**Task prompt**
Set down the final stretch of the data, from the line that holds "Most rural parents" through the last line, both included, with pictures left out.

==============================

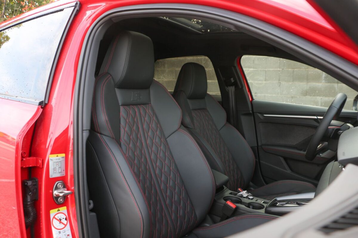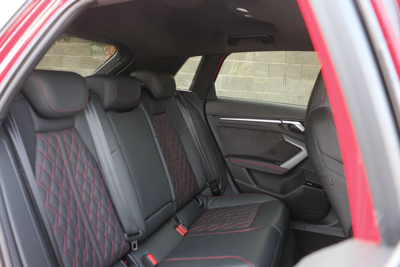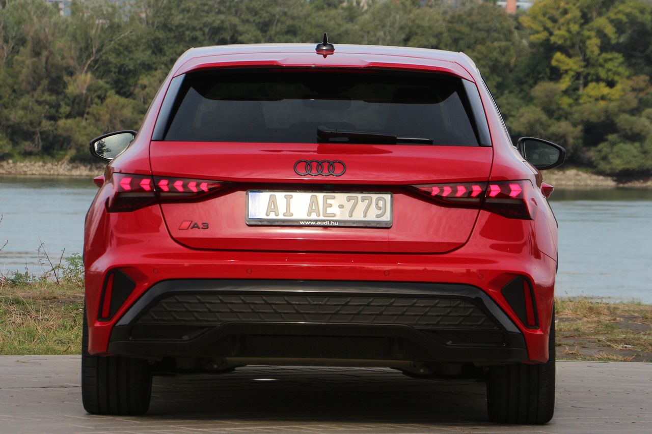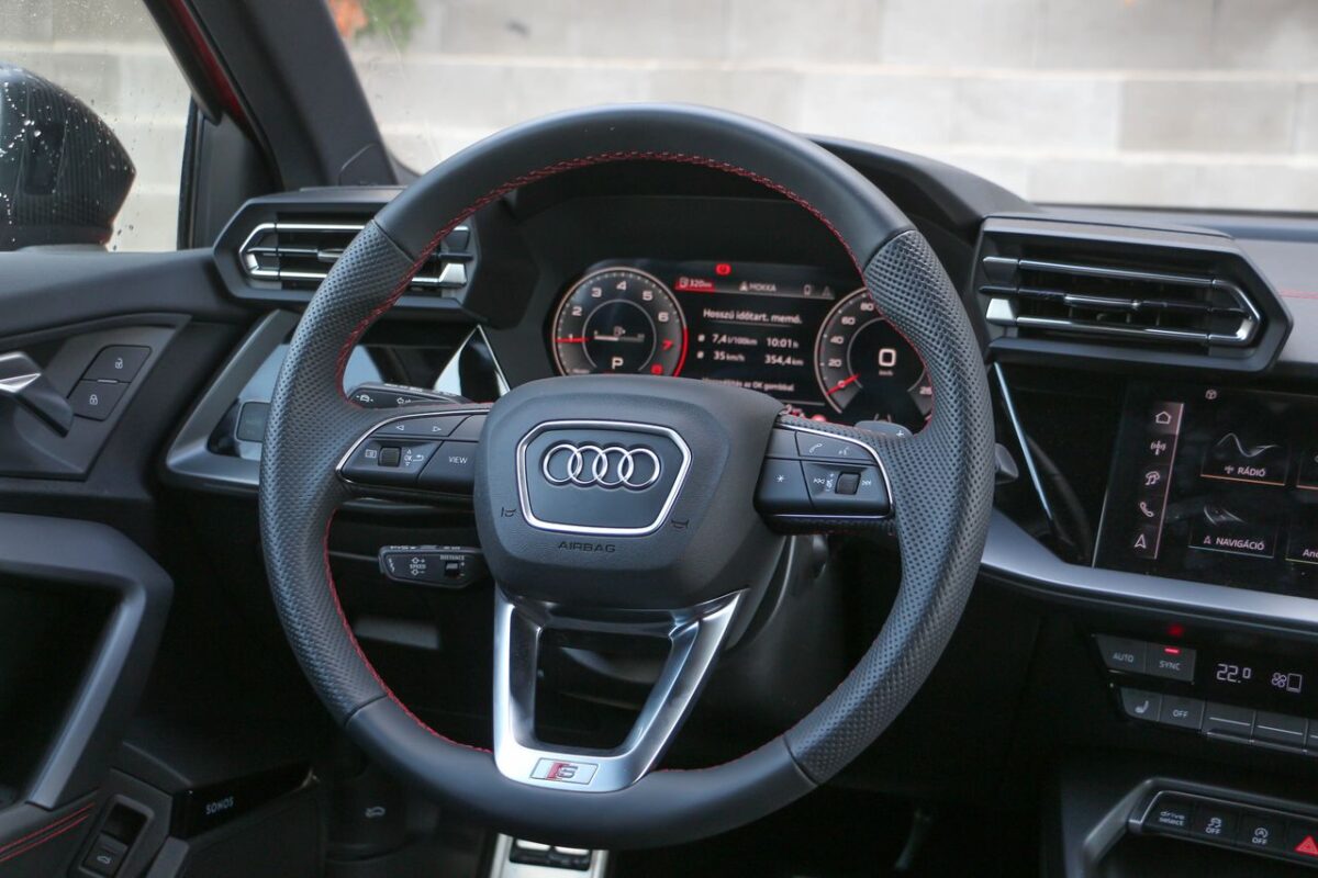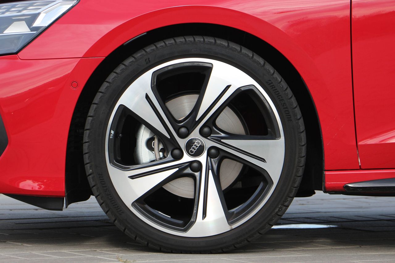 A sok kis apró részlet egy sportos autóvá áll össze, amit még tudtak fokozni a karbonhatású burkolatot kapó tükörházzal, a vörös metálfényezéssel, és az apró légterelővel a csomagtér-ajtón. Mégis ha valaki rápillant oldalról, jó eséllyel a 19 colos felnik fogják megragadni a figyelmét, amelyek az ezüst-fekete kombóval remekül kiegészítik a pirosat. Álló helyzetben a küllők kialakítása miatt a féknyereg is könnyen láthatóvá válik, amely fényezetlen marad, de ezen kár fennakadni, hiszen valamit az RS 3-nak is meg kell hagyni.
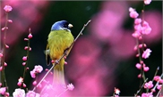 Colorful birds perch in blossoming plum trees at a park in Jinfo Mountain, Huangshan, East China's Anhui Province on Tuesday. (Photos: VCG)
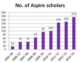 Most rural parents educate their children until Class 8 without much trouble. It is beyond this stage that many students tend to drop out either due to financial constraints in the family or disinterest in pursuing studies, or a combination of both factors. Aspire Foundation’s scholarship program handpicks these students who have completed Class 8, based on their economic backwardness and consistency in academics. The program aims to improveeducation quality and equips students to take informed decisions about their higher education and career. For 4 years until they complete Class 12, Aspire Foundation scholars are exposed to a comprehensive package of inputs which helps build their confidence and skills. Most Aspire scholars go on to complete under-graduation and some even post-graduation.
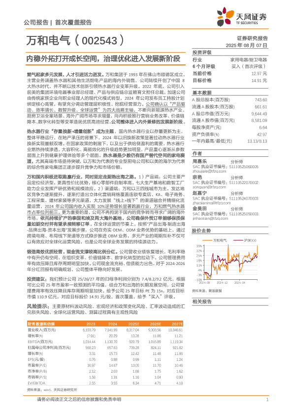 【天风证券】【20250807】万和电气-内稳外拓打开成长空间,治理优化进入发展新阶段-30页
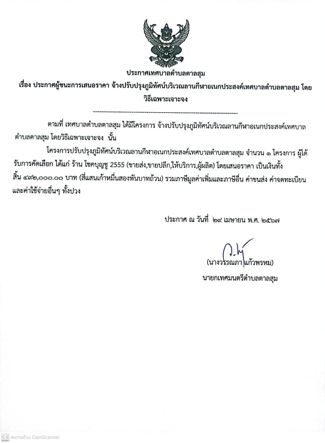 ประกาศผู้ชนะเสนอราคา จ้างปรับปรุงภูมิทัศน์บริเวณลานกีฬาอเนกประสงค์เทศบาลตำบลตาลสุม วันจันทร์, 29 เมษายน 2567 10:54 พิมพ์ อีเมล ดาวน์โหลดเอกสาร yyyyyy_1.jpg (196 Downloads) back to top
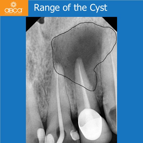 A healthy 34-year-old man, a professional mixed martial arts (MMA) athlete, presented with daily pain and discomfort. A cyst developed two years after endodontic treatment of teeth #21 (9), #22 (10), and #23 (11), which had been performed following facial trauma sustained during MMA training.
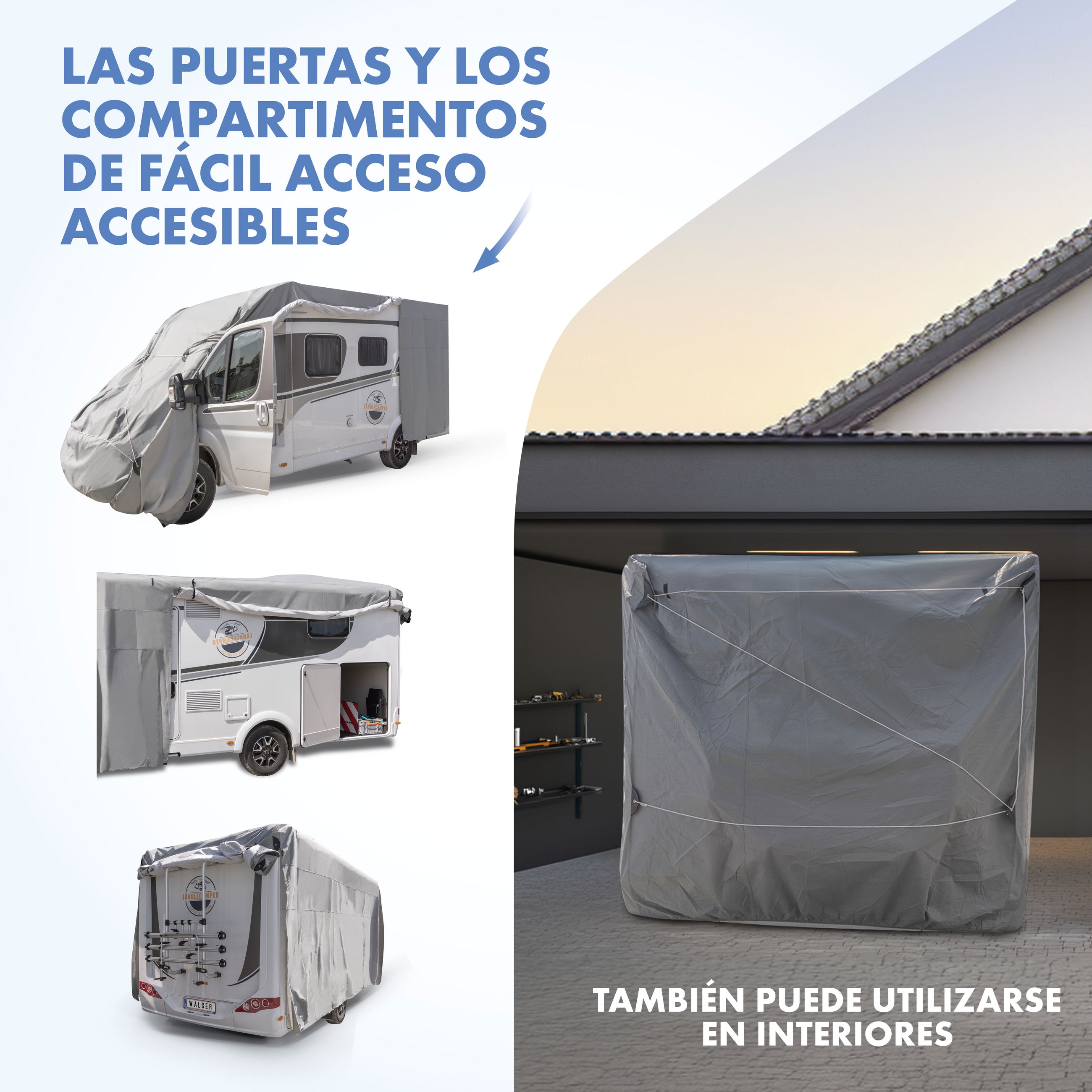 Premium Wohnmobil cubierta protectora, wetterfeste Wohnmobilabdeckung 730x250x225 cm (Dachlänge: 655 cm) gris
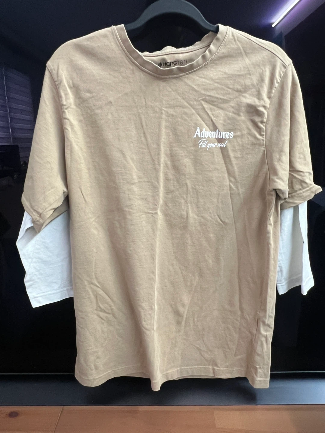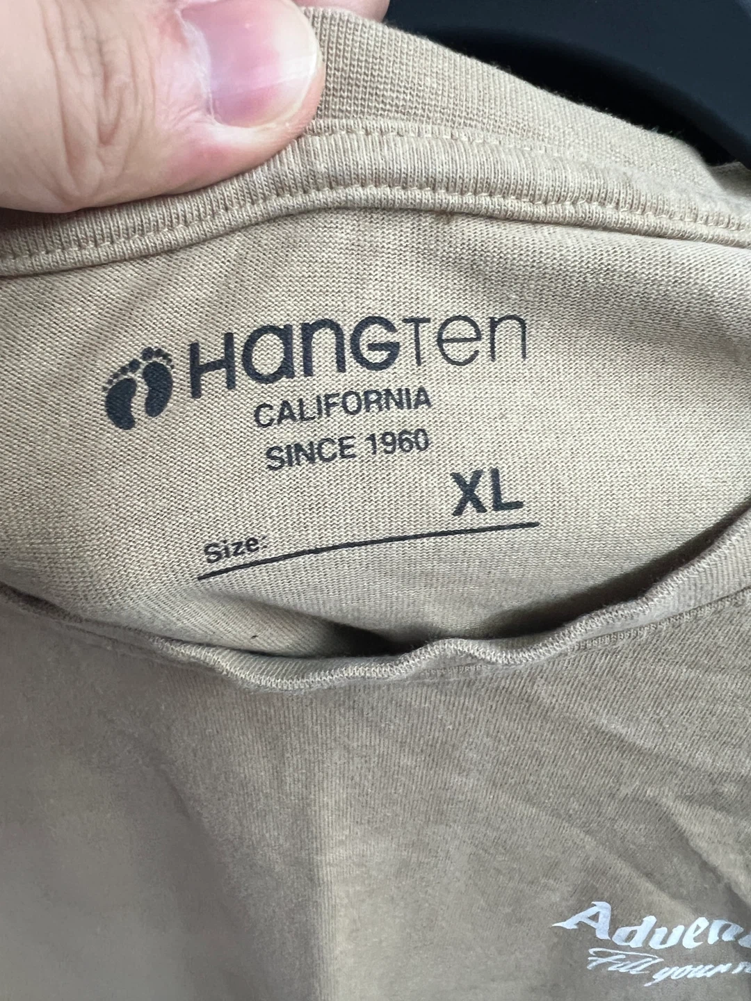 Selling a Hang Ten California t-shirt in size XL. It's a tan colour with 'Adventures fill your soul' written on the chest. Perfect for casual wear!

==============================

**Task output**
 Most rural parents educate their children until Class 8 without much trouble. It is beyond this stage that many students tend to drop out either due to financial constraints in the family or disinterest in pursuing studies, or a combination of both factors. Aspire Foundation’s scholarship program handpicks these students who have completed Class 8, based on their economic backwardness and consistency in academics. The program aims to improveeducation quality and equips students to take informed decisions about their higher education and career. For 4 years until they complete Class 12, Aspire Foundation scholars are exposed to a comprehensive package of inputs which helps build their confidence and skills. Most Aspire scholars go on to complete under-graduation and some even post-graduation.
 【天风证券】【20250807】万和电气-内稳外拓打开成长空间,治理优化进入发展新阶段-30页
 ประกาศผู้ชนะเสนอราคา จ้างปรับปรุงภูมิทัศน์บริเวณลานกีฬาอเนกประสงค์เทศบาลตำบลตาลสุม วันจันทร์, 29 เมษายน 2567 10:54 พิมพ์ อีเมล ดาวน์โหลดเอกสาร yyyyyy_1.jpg (196 Downloads) back to top
 A healthy 34-year-old man, a professional mixed martial arts (MMA) athlete, presented with daily pain and discomfort. A cyst developed two years after endodontic treatment of teeth #21 (9), #22 (10), and #23 (11), which had been performed following facial trauma sustained during MMA training.
 Premium Wohnmobil cubierta protectora, wetterfeste Wohnmobilabdeckung 730x250x225 cm (Dachlänge: 655 cm) gris
 Selling a Hang Ten California t-shirt in size XL. It's a tan colour with 'Adventures fill your soul' written on the chest. Perfect for casual wear!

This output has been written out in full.